By Murray Bourne, 22 Feb 2005

men are from mars

"Men Are From Mars, Women Are From Venus" by John Gray was an amusing, if somewhat repetitive read. His take is that men by nature are solitary, problem solving creatures, while women are great communicators who would rather talk at length about problems rather than going straight for a solution. Certainly I could relate to his assertion that men retreat to their 'caves' when facing some crisis - and need space to sort things out.

It is refreshing when there is a realisation of the fact that men and women are different. After years of feminist rantings that there are no differences between the sexes (is this a fair summary...?) it is constructive that we recognise the differences and live with them. Sure it is unfair that women still have lower salaries for equal work and that they find it harder to climb the corporate ladder - this is unjust. But something became skewed in the heady bra burning days.
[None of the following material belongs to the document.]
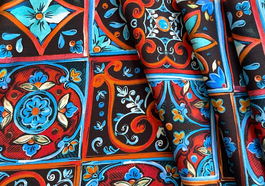 A high-end matte silk satin charmeuse in a print of brilliantly colored Italian tile-work in shades of vermilion, turquoise, and cornflower blue on a jet black background -- with the satin side on the reverse, this couture stretch silk is a slithery delight to wear and is perfect for a blouse, a wrap dress, swishy palazzo pants, or a jacket lining. Made in Italy. 96% silk and 4% lycra. 54" wide.
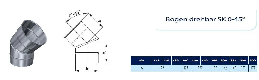 Edelstahlschornstein Einwandig Bogen drehbar 0° – 45 Grad DN 113 mm

Reading the book reminded me of a very interesting documentary series of some years ago called "Brain Sex". It was about real-time MRI scans of males and females performing certain linguistic and mathematical problems. The differences in the way men's and women's brains work is quite dramatic. For the linguistic task, men tend to do all their cognitive processing in one region of the frontal lobe, while women's brains tend to fire all over the place. Likewise for the mathematical task - men's brains tend to solve the problem in one area of the brain while women's brains use more communication between the 2 hemispheres. The researches put this down to an enlarged corpus callosum in women - allowing and encouraging more communication between the left and right hemispheres.

brain ssex differences
Image source:

There is interesting ongoing research into this fascinating area. See "Sex Differences in the Neural Basis of Emotional Memories".

I did a lot of thinking about the implications of all this for mathematics teaching and the differences in the approaches of boys and girls to learning maths - and the struggles they had with it. Girls tend to prefer a more linguistic-based approach (more verbal descriptions on what is going on) while boys tend to prefer a symbolic and visual approach.